Campbell’s Tomato Juice Box

Revolver Gallery has now added another iconic piece of pop art to its permanent collection with the addition of Andy Warhol Campbell’s Tomato Juice Box. Created in 1964, Andy Warhol Campbell’s Tomato Juice Box is one of one hundred sculptures screenprinted in The Factory. This edition of Andy Warhol Campbell’s Soup Tomato Juice Box holds a prominent place in art history as it was originally gifted to the Leo Castelli Gallery from fashion designer, Roy Halston.

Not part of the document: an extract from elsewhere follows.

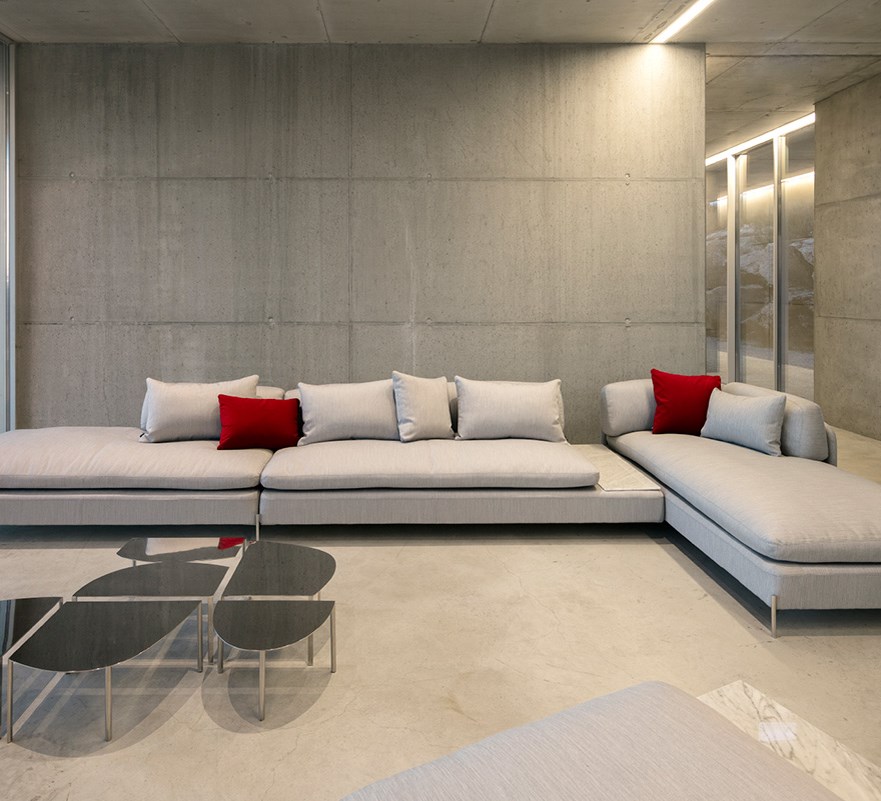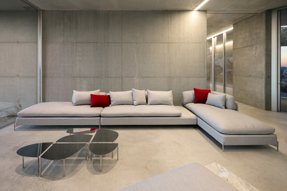 O sofá Alicia tem tampos rígidos integrados; o sofá pode ser facilmente composto numa espécie de "paisagem de socialização".

Campbell’s Tomato Juice Box as Part of Andy Warhol’s Larger Body of Work

The Warhol was known to be a follower of the artist, Duchamp. When he asked his assistant, Nathan Gluck, to pick up cardboard boxes from the supermarket, the artist wasn’t pleased with the elegant designs on the boxes he received. Andy wanted something more common…But Warhol was not anti-aesthetic in the same manner that Duchamp was. Duchamp sought to “liberate the art from having to please the eye”. Warhol was more politically motivated. He enjoyed the fact that Americans eat the same things over and over and that it all tastes predictably the same. Like most Pop artists, Warhol’s art featured images of from pop culture that were familiar to the masses such as super stars, tabloid images, comics, and, of course, the Campbell’s soup images. By creating exact replicas of Campbell’s products and packaging, Warhol directs the viewer’s focus away from the originality of an artistic idea and towards a contemplation of popular culture. In The Factory, his New York City studio, he had assistants screenprint over 40 different Campbell’s Tomato Juice Box sculptures. The mass production of art objects was a controversial idea at the time, and continues to inspire debates surrounding the role of the artist, and artistic originality. Warhol’s fame was built on this controversy as he continued to make art with other consumer products, specifically Brillo Pads, Coke Products, and Kellogg’s Corn Flakes.